=== Problem requirements ===
Print all of the data below exactly as it appears, leaving out every image.

Data records
===============

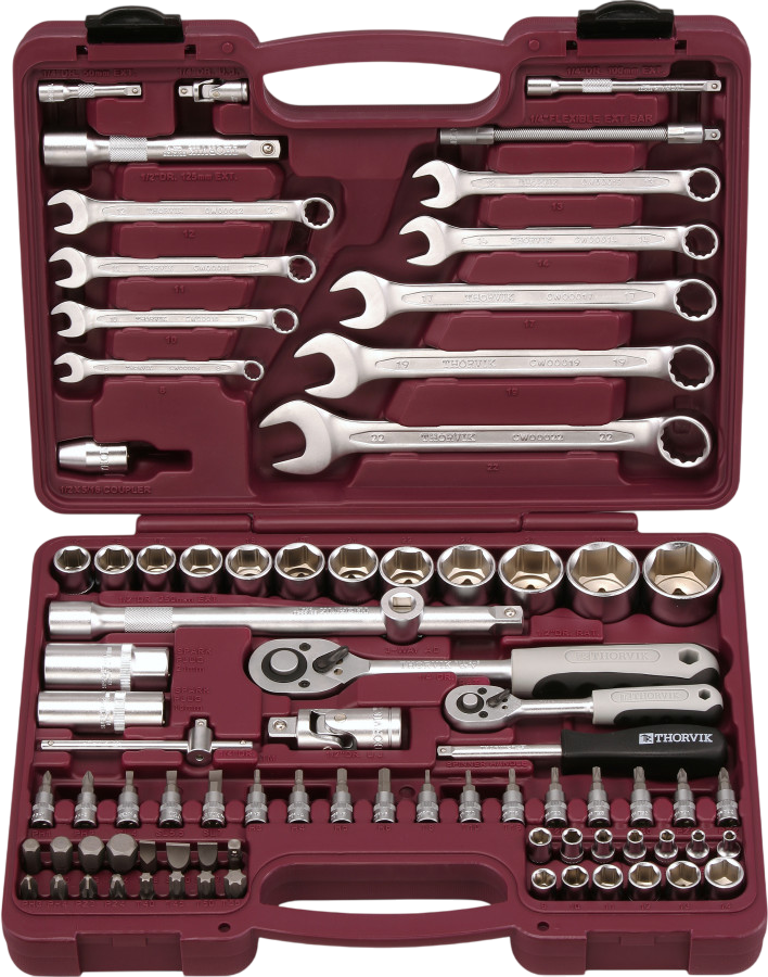 Доставка в 75000 населённых пунктов, ТК СДЭК, Яндекс и Почта РФ Все формы оплаты для физических и юридических лиц! Онлайн конфигуратор ПК, бесплатная сборка. Гарантия 2 года! Широкий ассортимент комплектующих. Более 30 лет на рынке! 8 040 ₽ ID товара: 1041446 Набор инструментов Thorvik UTS0082 ОсновныеПроизводитель ........................................................................................................................................................................................................ Код производителя ........................................................................................................................................................................................................ UTS0082 Тип набора ........................................................................................................................................................................................................ Количество предметов в наборе ........................................................................................................................................................................................................ 82 шт. Инструменты в комплекте ........................................................................................................................................................................................................ 2 x головки свечные, 2 x кардан, 2 x трещотка, 25 x головки торцевые, 3 x адаптер, 32 x биты, 5 x удлинитель, 9 x ключи гаечные (комбинированные), вороток, рукоятка БитыФорма наконечника бит ........................................................................................................................................................................................................ 10 x Torx (T, Tx), 4 x Phillips (PH), 4 x Pozidriv (PZ), 6 x Slotted (SL), 8 x шестигранный (HEX, HEX-HOLE) Биты подробно ........................................................................................................................................................................................................ 7.9 мм (5/16"): - PH: PH3, PH4; - PZ: PZ3, PZ4; - T: T40, T45, T50, Т55; - HEX: H8, H10, H12, H14; - SL: SL8, SL10, SL12; 6.35 мм (1/4"): - PH: PH1, PH2; - PZ: PZ1, PZ2; - T: T8, T10, T15, Т20, Т25, Т30; - HEX: H3, H4, H5, H6; - SL: SL4, SL5.5, SL7 Гаечные ключиРазмер ключей ........................................................................................................................................................................................................ 8 мм, 10 мм, 11 мм, 12 мм, 13 мм, 14 мм, 17 мм, 19 мм, 22 мм Торцевые головкиПрисоединительный размер ........................................................................................................................................................................................................ 12 x 1/2", 13 x 1/4" Размер торцевых головок ........................................................................................................................................................................................................ 4-14 мм, 1/4"; 14-32 мм, 1/2" ДополнительноУпаковка ........................................................................................................................................................................................................ Дополнительная информация ........................................................................................................................................................................................................ в комплект также входят: трещоточная рукоятка 1/4" (150 мм 48 зубцов), трещоточная рукоятка 1/2" (250 мм 48 зубцов), вороток Т-образный 1/4" (110 мм), шарнир карданный 1/4" (35 мм), шарнир карданный 1/2" (70 мм), 2х удлинитель 1/4" (50 мм, 100 мм), 2х удлинитель 1/2" (125 мм, 250 мм), гибкий удлинитель 1/4" (150 мм), отвёрточная рукоятка 1/4" (150 мм), адаптер для вставок-бит 1/4" х 1/4"Н, адаптер для вставок-бит 1/2" х 5/16”H, адаптер трёхсторонний 1/2", 2х свечная головка 1/2" (16 мм, 21 мм) Гарантия ........................................................................................................................................................................................................ официальная гарантия производителя Сайт производителя ........................................................................................................................................................................................................ |
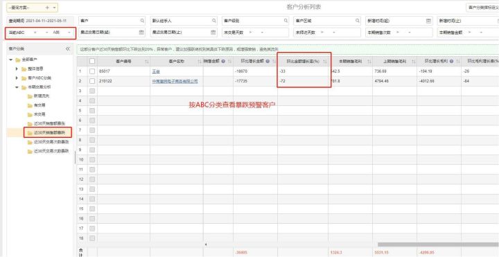 其次,查看客户分类预警表,按不同等级分类查看预警客户的具体情况,然后通过制定拜访计划或是发送优惠券等手段去解决。
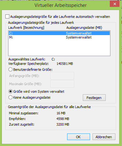 Woran kann das liegen? Hab die Auslagerungsdatei erst aus gehabt, dann gelesen, dass das nicht empfehlenswert ist und jetzt steht sie auf "systemgesteuert".
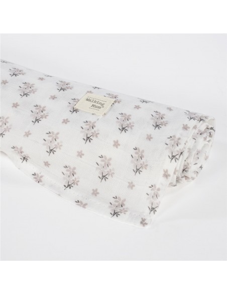La muselina Botton estampada con flores en tonos neutros de Walking Mum es el accesorio imprescindible para el cuidado del bebé. Confeccionada con una combinación de 70% bambú y 30% algodón, ofrece una textura ultrasuave, transpirable y delicada con la piel del recién nacido. Su tamaño de 120×120 cm la hace ideal para múltiples usos: arrullo, mantita ligera, protector para el carrito, cubierta de lactancia o cambiador improvisado. Gracias a su tejido transpirable.
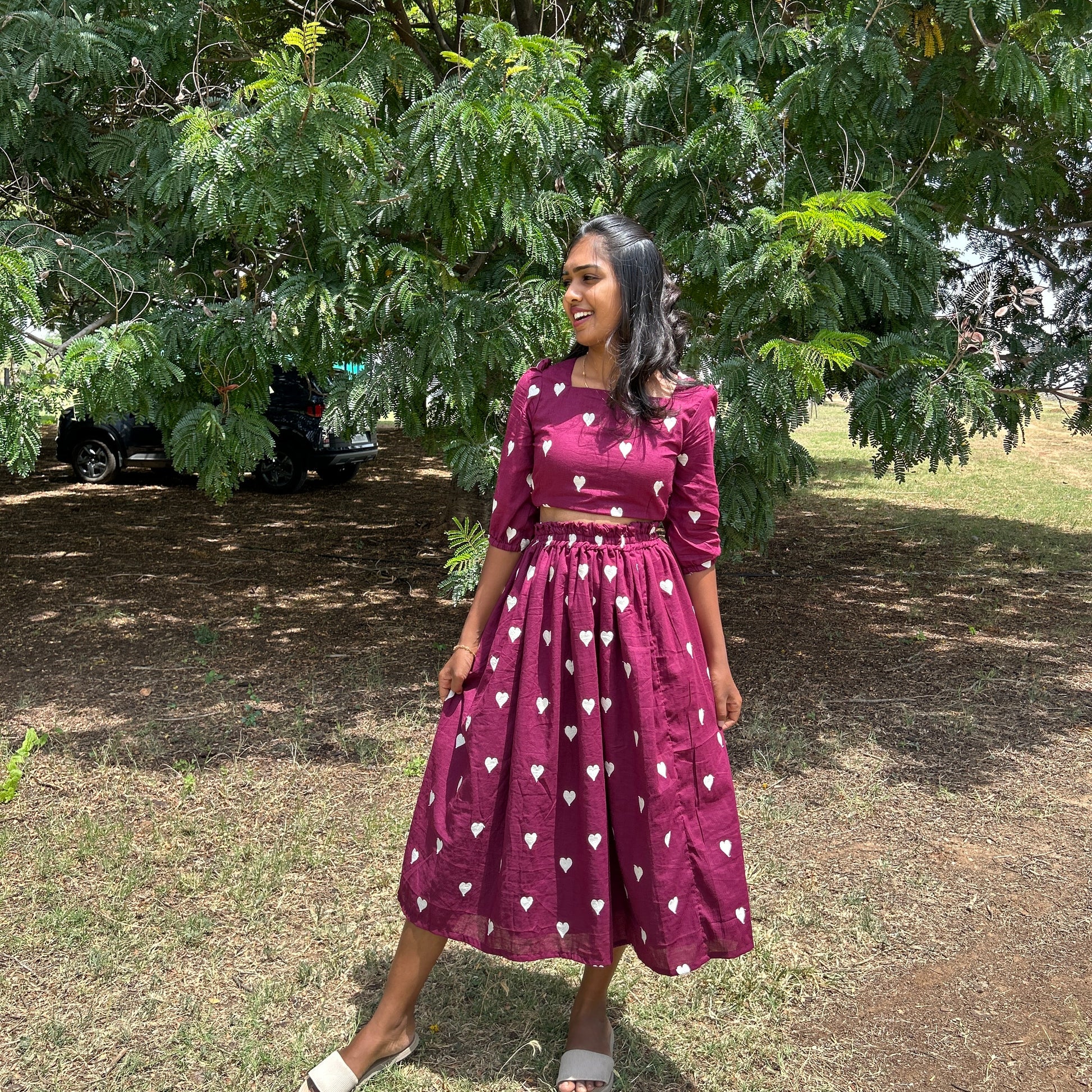 Get ready to wine and dine in style with our Dipped in Wine Skirt Set. This unique and stylish set features a heart embroidered detail, making it a pretty addition to any wardrobe. Perfect for a fun night out or a playful day look. Cheers to fashion!
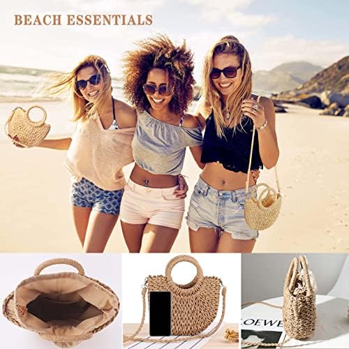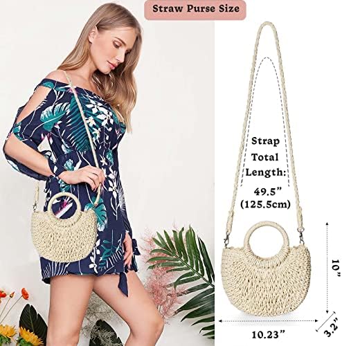Straw Handbags Purses Crossbody Pocketbook Bag Casual Woven Beach Bags Summer Hobo Hippie Chic Tote Bags with Chain
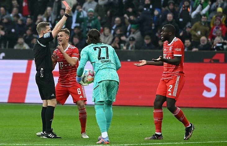 В последнем матче чемпионата Германии «Бавария» проиграла менхенгладбахской «Боруссии» в гостях. Счет матча 3:2. «Бавария» с 8 минуты играла в меньшинстве. Прямую красную карточку получил Дайо Упамекано. Он пропустит игру с «Унионом». В первом тайме команды обменялись голами. За «Баварию» забил Эрик Шупо-Мотинг. Во втором тайме мюнхенский клуб пропустил на 55 и 84 минуте. Итоговый счет установил Матис Тель. Он забил на третьей компенсированной минуте. Две голевые передачи на счету Альфонсо Дэвиса.
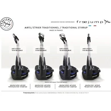De AIR’S STIRRUPS zetten een nieuw standaard in de wereld van traditionele stijgbeugels. Gemaakt van roestvrij staal, met een vloer gemonteerd op luchtkussen, wordt de AIR’s-stijgbeugel geleverd met een volledige aanpassing van de technische keuzes: oogoriëntatie en / of helling van de vloer. De bovenste polyamide hoofdband is ontworpen om te activeren in geval van hoge druk om zo nodig het loslaten van de voet te vergemakkelijken. De kleuren van de stickers, de vloer en het elastomeer zijn aanpasbaar voor een unieke look.
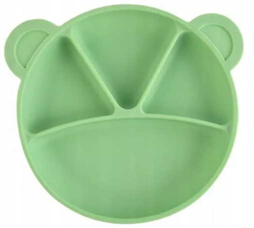 СИЛИКОНОВАЯ ТАРЕЛКА, ТАРЕЛКА TEDDY BEAR С ЗЕЛЕНОЙ КРЫШКОЙ

===============

=== Output of the task ===
 Доставка в 75000 населённых пунктов, ТК СДЭК, Яндекс и Почта РФ Все формы оплаты для физических и юридических лиц! Онлайн конфигуратор ПК, бесплатная сборка. Гарантия 2 года! Широкий ассортимент комплектующих. Более 30 лет на рынке! 8 040 ₽ ID товара: 1041446 Набор инструментов Thorvik UTS0082 ОсновныеПроизводитель ........................................................................................................................................................................................................ Код производителя ........................................................................................................................................................................................................ UTS0082 Тип набора ........................................................................................................................................................................................................ Количество предметов в наборе ........................................................................................................................................................................................................ 82 шт. Инструменты в комплекте ........................................................................................................................................................................................................ 2 x головки свечные, 2 x кардан, 2 x трещотка, 25 x головки торцевые, 3 x адаптер, 32 x биты, 5 x удлинитель, 9 x ключи гаечные (комбинированные), вороток, рукоятка БитыФорма наконечника бит ........................................................................................................................................................................................................ 10 x Torx (T, Tx), 4 x Phillips (PH), 4 x Pozidriv (PZ), 6 x Slotted (SL), 8 x шестигранный (HEX, HEX-HOLE) Биты подробно ........................................................................................................................................................................................................ 7.9 мм (5/16"): - PH: PH3, PH4; - PZ: PZ3, PZ4; - T: T40, T45, T50, Т55; - HEX: H8, H10, H12, H14; - SL: SL8, SL10, SL12; 6.35 мм (1/4"): - PH: PH1, PH2; - PZ: PZ1, PZ2; - T: T8, T10, T15, Т20, Т25, Т30; - HEX: H3, H4, H5, H6; - SL: SL4, SL5.5, SL7 Гаечные ключиРазмер ключей ........................................................................................................................................................................................................ 8 мм, 10 мм, 11 мм, 12 мм, 13 мм, 14 мм, 17 мм, 19 мм, 22 мм Торцевые головкиПрисоединительный размер ........................................................................................................................................................................................................ 12 x 1/2", 13 x 1/4" Размер торцевых головок ........................................................................................................................................................................................................ 4-14 мм, 1/4"; 14-32 мм, 1/2" ДополнительноУпаковка ........................................................................................................................................................................................................ Дополнительная информация ........................................................................................................................................................................................................ в комплект также входят: трещоточная рукоятка 1/4" (150 мм 48 зубцов), трещоточная рукоятка 1/2" (250 мм 48 зубцов), вороток Т-образный 1/4" (110 мм), шарнир карданный 1/4" (35 мм), шарнир карданный 1/2" (70 мм), 2х удлинитель 1/4" (50 мм, 100 мм), 2х удлинитель 1/2" (125 мм, 250 мм), гибкий удлинитель 1/4" (150 мм), отвёрточная рукоятка 1/4" (150 мм), адаптер для вставок-бит 1/4" х 1/4"Н, адаптер для вставок-бит 1/2" х 5/16”H, адаптер трёхсторонний 1/2", 2х свечная головка 1/2" (16 мм, 21 мм) Гарантия ........................................................................................................................................................................................................ официальная гарантия производителя Сайт производителя ........................................................................................................................................................................................................ |
 其次,查看客户分类预警表,按不同等级分类查看预警客户的具体情况,然后通过制定拜访计划或是发送优惠券等手段去解决。
 Woran kann das liegen? Hab die Auslagerungsdatei erst aus gehabt, dann gelesen, dass das nicht empfehlenswert ist und jetzt steht sie auf "systemgesteuert".
La muselina Botton estampada con flores en tonos neutros de Walking Mum es el accesorio imprescindible para el cuidado del bebé. Confeccionada con una combinación de 70% bambú y 30% algodón, ofrece una textura ultrasuave, transpirable y delicada con la piel del recién nacido. Su tamaño de 120×120 cm la hace ideal para múltiples usos: arrullo, mantita ligera, protector para el carrito, cubierta de lactancia o cambiador improvisado. Gracias a su tejido transpirable.
 Get ready to wine and dine in style with our Dipped in Wine Skirt Set. This unique and stylish set features a heart embroidered detail, making it a pretty addition to any wardrobe. Perfect for a fun night out or a playful day look. Cheers to fashion!
Straw Handbags Purses Crossbody Pocketbook Bag Casual Woven Beach Bags Summer Hobo Hippie Chic Tote Bags with Chain
 В последнем матче чемпионата Германии «Бавария» проиграла менхенгладбахской «Боруссии» в гостях. Счет матча 3:2. «Бавария» с 8 минуты играла в меньшинстве. Прямую красную карточку получил Дайо Упамекано. Он пропустит игру с «Унионом». В первом тайме команды обменялись голами. За «Баварию» забил Эрик Шупо-Мотинг. Во втором тайме мюнхенский клуб пропустил на 55 и 84 минуте. Итоговый счет установил Матис Тель. Он забил на третьей компенсированной минуте. Две голевые передачи на счету Альфонсо Дэвиса.
De AIR’S STIRRUPS zetten een nieuw standaard in de wereld van traditionele stijgbeugels. Gemaakt van roestvrij staal, met een vloer gemonteerd op luchtkussen, wordt de AIR’s-stijgbeugel geleverd met een volledige aanpassing van de technische keuzes: oogoriëntatie en / of helling van de vloer. De bovenste polyamide hoofdband is ontworpen om te activeren in geval van hoge druk om zo nodig het loslaten van de voet te vergemakkelijken. De kleuren van de stickers, de vloer en het elastomeer zijn aanpasbaar voor een unieke look.
 СИЛИКОНОВАЯ ТАРЕЛКА, ТАРЕЛКА TEDDY BEAR С ЗЕЛЕНОЙ КРЫШКОЙ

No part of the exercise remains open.